Comin' at Ya! (1981)
5/10
The good, the bad and the 3D!
18 August 2020
Warning: Spoilers
Every few years, 3D comes back in vogue. This 1981 film led a new wave of movies with enhanced depth and mostly stuff coming, well, at ya Dr. Tongue-style that included Parasite, Friday the 13th Part III, Jaws 3-D, Amityville 3-D, Spacehunter: Adventures in the Forbidden Zone and Treasure of the Four Crowns, which comes from the same people who made this movie.

It came about when Xerox salesmen Gene Quintano and Lupo took their office supply company into filmmaking, along with actor Tony Anthony, who had appeared in plenty of Italian Westerns like the increasingly, err, strange series of The Stranger films.

Filmed in a process called both SuperVision and WonderVision, the real star of this movie isn't the acting or the story, but the very in your face 3-D effects. Even the actors joked about that, with Anthony saying, "You wouldn't make Citizen Kane in 3-D. This is escapism. This is The Perils of Pauline. It's a laugh. It's enjoyment."

They went so far as to have one of the film's producers, Gene Quintano, play the film's villain Pike Thompson. In 1981, he told The Washington Post that he appeared in the movie "mostly as a matter of economics. Tony is the star and he's very good but this is not an actor's film. I mean, Robert Redford is not going to be sweating it out. The real star is supposed to be the 3-D." He would go on to write King Solomon's Mines for Cannon, as well as Police Academy 3: Back in Training and Police Academy 4: Citizens on Patrol, as well as writing and directing Honeymoon Academy and National Lampoon's Loaded Weapon Part 1, two films that I missed out on during our week of Police Academy movies. Also, if he ever comes to Pittsburgh, he could probably get a beer at any bar for free just by telling them he wrote Sudden Death, which along with Night of the Living Dead and Striking Distance form pretty much the holy trinity of movies made here (you can also claim that Flashdance, Slap Shot, Dawn of the Dead, Creepshow, Martin, RoboCop, The Silence of the Lambs or Kingpin and could be on this list, but never Stigmata, which was actually filmed mostly in Vancouver. Also, ironically given Anthony's quote, the original The Perils of Pauline was shot in Yinzer Country.). Man, I went off on a tangent.

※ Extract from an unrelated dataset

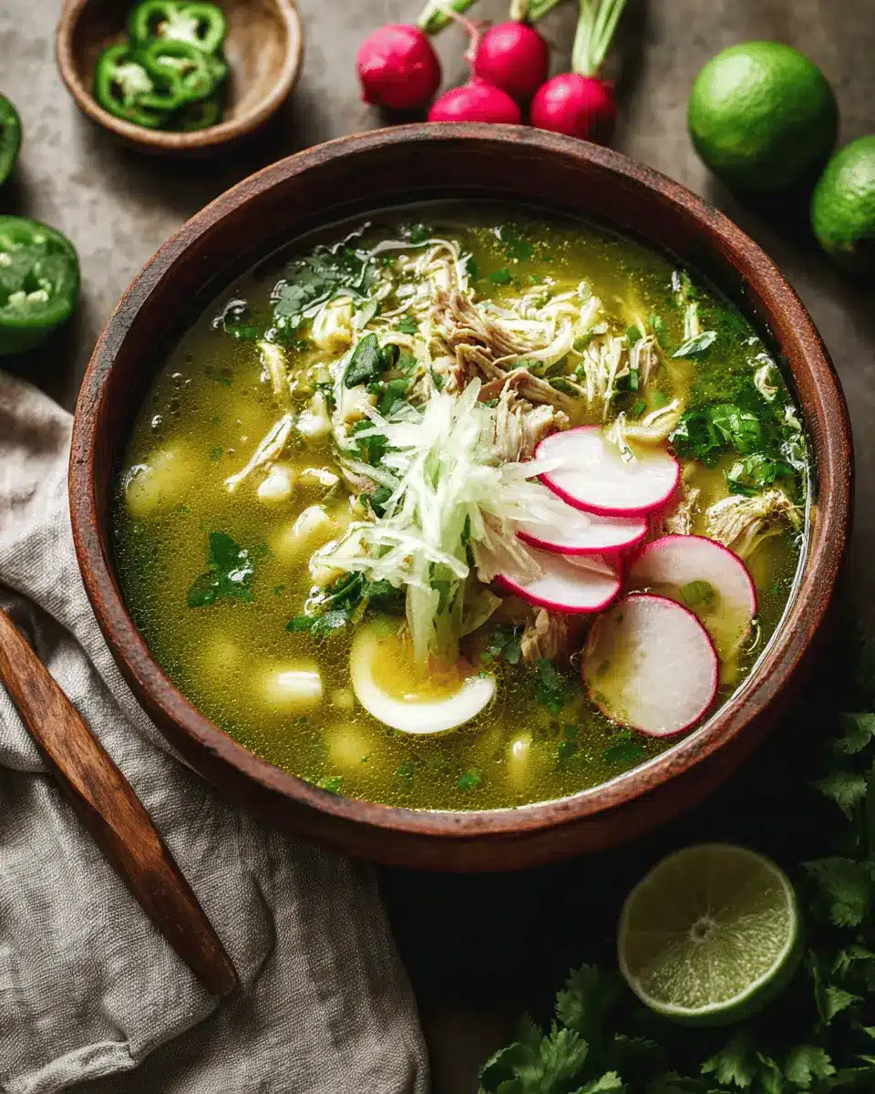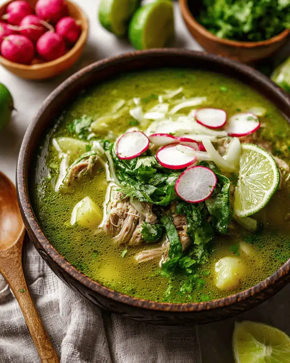 In summary, Pozole Verde is more than just a dish; it’s a warm hug in a bowl, perfect for gatherings or cozy nights in. With its vibrant flavors and customizable toppings, it offers a delightful culinary experience. So don your apron, and enjoy this comforting classic that brings everyone together!

Filmways bought this movie and it ended up becoming a minor success, easily using up the 90,000 3-D glasses they thought they'd need. 1981 was a big year for that company, as they bought out AIP and released The Fan, Blade Runner, Halloween II and Ragtime.

Bank robber H.H. Hart (Anthony) loses his wife (Victoria Abril, who would one day be in Tie Me Up! Tie Me Down!) to kidnappers on the day of his wedding in a scene that feels like it had to have influenced Kill Bill. She ends up being sold as a prostitute to the evil Pike Thompson (Quintano) and our hero has to rescue her. That's pretty much the whole story, but you're really here, like we already said, to see stuff fly out of the screen and the film's strange monochromatic style mixed with bursts of color.

Anthony and director Ferdinando Baldi had also worked together on Blindman - an Italian Western ripoff of Zatoichi - and the incredibly weird Get Mean.

If you listen carefully, during the bat attack scene, some of the screams have been recycled from Argento's Inferno.

Anyways, like everyone has told you, this movie is really just about fun and not the idea that it's going to change your world. If you want to see darts, snakes, guns, beans, rats, spears, hands, spiders, a bowling ball, bats, gun barrels, swords, cowboys, a yo-yo, a pinwheel, gold coins, apple peels, flaming arrows and a baby's ass come at you, well, this would be the movie you are looking for.